Jim Manico: I’ll take it.
Shannon James Smith: Where we wanted to make these sessions digestible and not take your whole day, and it’s kind of a big topic because we kind of went around a lot on a lot of different things that we’re going to go into more detail in the future sessions. But yeah, we’re going to have one session that talks about WAFs and RASP and how that compares to Runtime.
The next session, let me share my screen here, is about hardening your applications. So the way most people will think about using Runtime Protection is, “Oh no, there’s a new CVE out. Now I’m going to reactively block that method in the Log4j library so that I’m not vulnerable to that CVE, and I’m not rushing to patch now.”
But you can also use Runtime Protection proactively and monitor your applications and see which functions in which libraries are actually being used by the application and the other, whatever, 92% of functions that aren’t being used after a safe period of six days or six weeks or however long you want to monitor that app, you can now shut those down and lock those doors and harden your applications from future zero days or unknown vulnerabilities that haven’t been publicly announced yet.
And this is the ability to dramatically reduce your application security attack surface, and nobody offers this type of function.
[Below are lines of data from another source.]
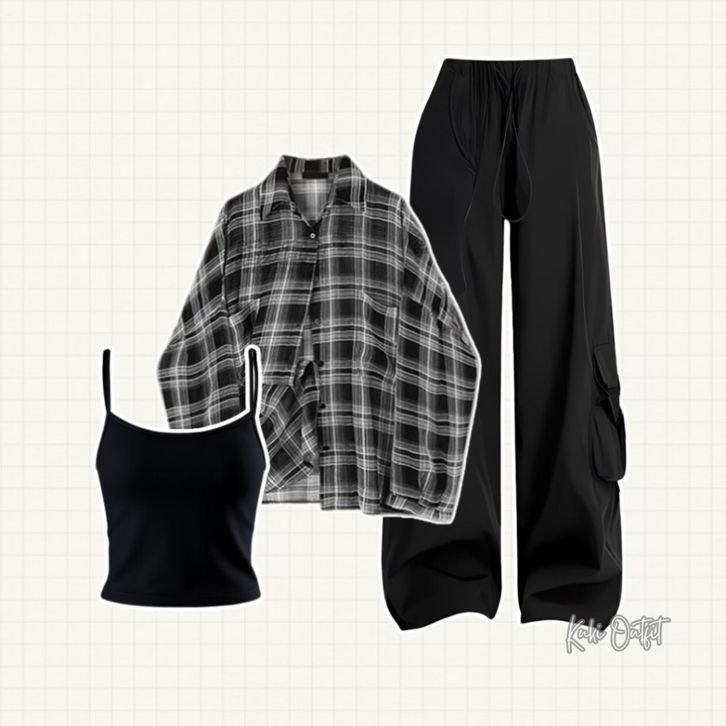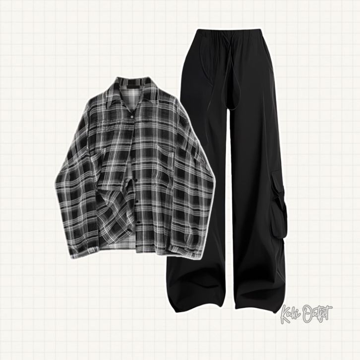 Termurah&Terbaru✅ 1 Set OOTD Korean Style (Kemeja Flanel + Celana Cargo + Tanktop) One Set Wanita Perempuan - KK125
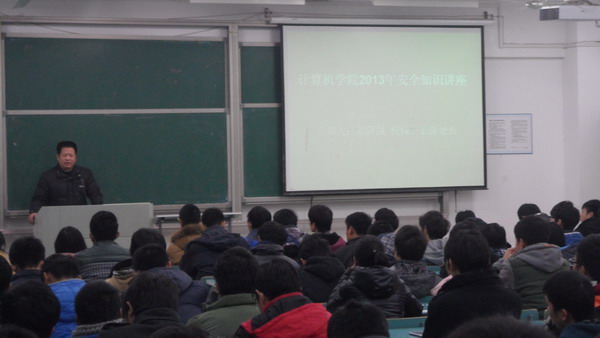 12月23日晚,计算机科学与工程学院在北实202教室举行冬季安全知识讲座活动,校保卫处副处长刘训强老师应邀担任主讲人。讲座由学院团委书记胡彪主持,学院2013级辅导员、全体班委及宿舍安全员到会聆听了讲座。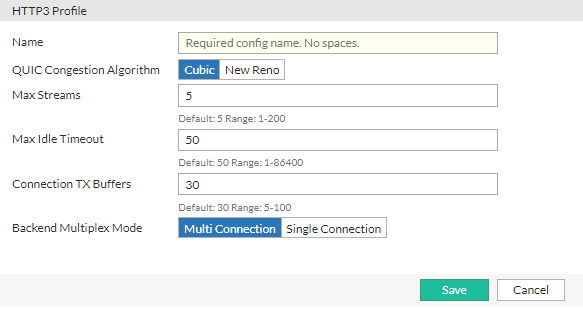 Name Specify a unique name for the HTTP3 profile. Valid characters are A-Z,a-z,0-9,_, and-. No spaces. After you initially save the configuration, you cannot edit the name.QUIC Congestion Algorithm FortiADC supports Cubic and New Reno loss-based congestion control for QUIC, where the congestion control responds to packet loss events.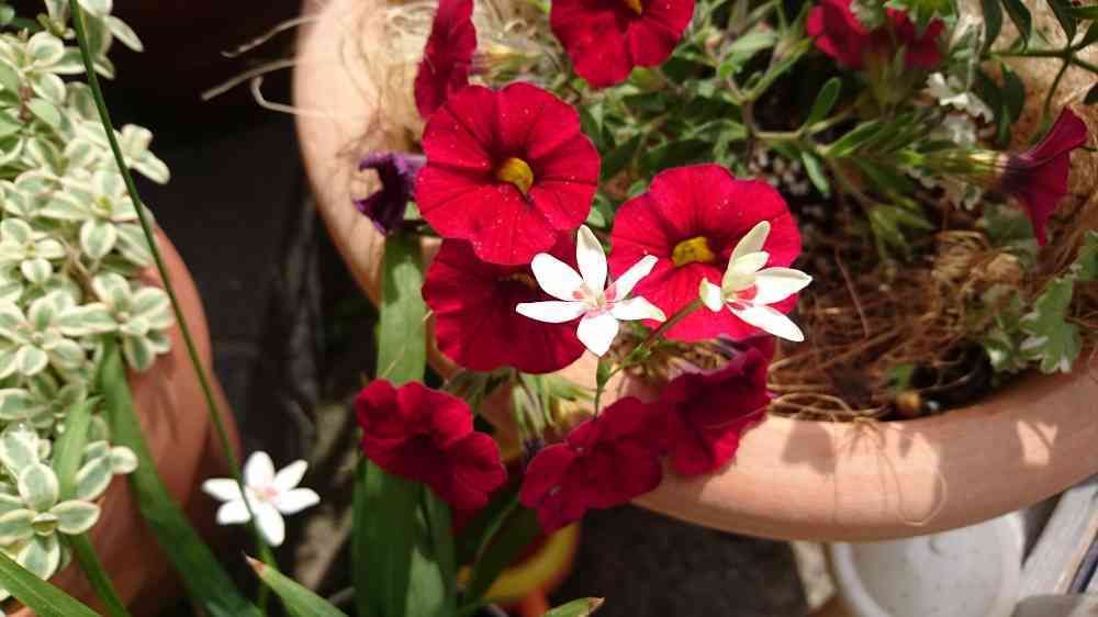 姫檜扇がいい具合に寄り添い咲き。まだ植え替えずミリオンベルの鉢の横に置きっぱなし😅

As I said, WAFs and RASPs are trying to do it in some fuzzy ways, but this is a very precise, exact way. This should not give you any false positives ever.
Julius Musseau: To add to what Shannon is saying here, to make it maybe a little more concrete. For example, in our Jira instance where we applied for the MergeBase SCA Runtime Protection, and we were doing our scrum meetings, and we are doing all our Jira tickets and marking them in progress and backlog and done. So we were exercising Jira like a normal team would. It was our Jira.
What we noticed is I think it was around 20% of the JAR files were never used, like never invoked, never loaded. But they’re just sitting there; they’re just sitting there on the classpath, waiting to be loaded one day.
Shannon James Smith: Well, in the essence of time, we started this thing about a minute late. So we’re going to end it about a minute late, but we’re going to try to keep this on time, respect everyone’s schedule, and we hope you guys will come back and join us in two weeks to dive into the ins and outs of using SCA Runtime Protection to harden your applications and reduce your kind of unknown attack surface in your app space. So thank you, Jim and everybody, for joining us.
Jim Manico: Appreciate it.
Shannon James Smith: Thank all the attendees. Thank you.